Mathematical Compression: Shrinking the Memory Footprint

The first direction is straightforward: store the data itself in a smaller form.

DeepSeek-V2’s MLA (Multi-head Latent Attention) compresses the KV cache into a low-dimensional latent space and only restores the full form at the moment computation actually needs it. Reports show it cuts memory occupancy by 90% or more compared to standard caching. GQA (Grouped-Query Attention) lets multiple attention heads share a single set of keys and values, eliminating the redundancy of holding the same information many times over.

Both approaches keep the larger Transformer scaffolding intact and trim the inefficiency that lives inside it. Since the underlying memory model doesn’t change, neither is a root-cause fix. Still, in terms of “the same amount of information in less space,” they’re the most readily deployable short-term answers right now.

Build Models That Actually Summarize

The second direction is more ambitious: rebuild how a Transformer remembers in the first place. Instead of stacking up every token, these architectures keep information as a compressed ‘state’ and update it as the conversation moves.

Mamba and SSMs (State Space Models) take a conversation, no matter how long, and fold it into a single state vector that is progressively updated. The key result is constant-complexity memory usage: as input length grows, DRAM usage doesn’t grow with it. That’s a different kind of machine from a Transformer, where memory rises linearly with context. Where the Transformer holds every line of dialogue verbatim, this approach is closer to following a film by tracking only its load-bearing narrative beats. Attention Sinks takes a more pragmatic compromise: instead of preserving every past token, keep only the very beginning of the conversation and the most recent context, squeezing memory efficiency out of that selective retention.

I find this second direction the most interesting, because it answers most directly the underlying weakness flagged earlier — the absence of a generalization-and-abstraction mechanism in current LLMs.

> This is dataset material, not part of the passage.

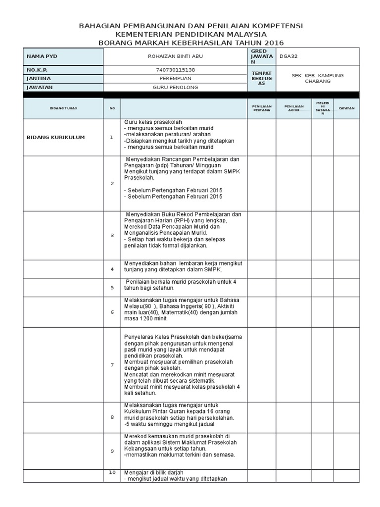 Contoh Borang Keberhasilan Guru 2020 Cute766

Reach Beyond DRAM: System-Level Memory Management

The third direction reorganizes memory management not inside the model but at the system layer.

PagedAttention (vLLM) lifts the operating system’s virtual memory paradigm directly into LLM serving. It manages memory in pages to avoid fragmentation, and when DRAM runs short, it is designed so that CPU memory — and beyond that, external storage — can be pulled in as another memory tier. On the hardware side, PIM (Processor-In-Memory) keeps coming up. The idea is to embed compute logic into the memory itself, eliminating the data-movement cost between CPU/GPU and DRAM at the source. The shift the EE Times article points to — a center of gravity moving from compute to data movement — is most visibly underway here, at the hardware level.

Closing: Memory Constraints Redrawing the System

These three directions are all reaching for the same problem from different layers. Mathematical compression works inside the model, architectural innovation rebuilds how memory itself works, and system-level layering operates over the infrastructure — each pulling at memory efficiency in its own way. Of these, I think the breakthrough most likely to actually shift the problem will come at the point where hardware innovations like PIM meet architectural ones like Mamba. Each direction on its own can only manage partial trade-offs, but where they converge, the structure of the problem itself can change.

In the end, the DRAM crunch is putting one question to the AI industry. “How long are we going to keep holding every piece of data raw?” If pre-LLM system design centered on “how fast can we compute,” the center is now moving toward “how do we run intelligence inside this much-tighter memory budget.” The ability to see that shift first, and to design around it, is going to be, I suspect, a meaningful part of what separates the companies that hold up in AI services from the ones that don’t.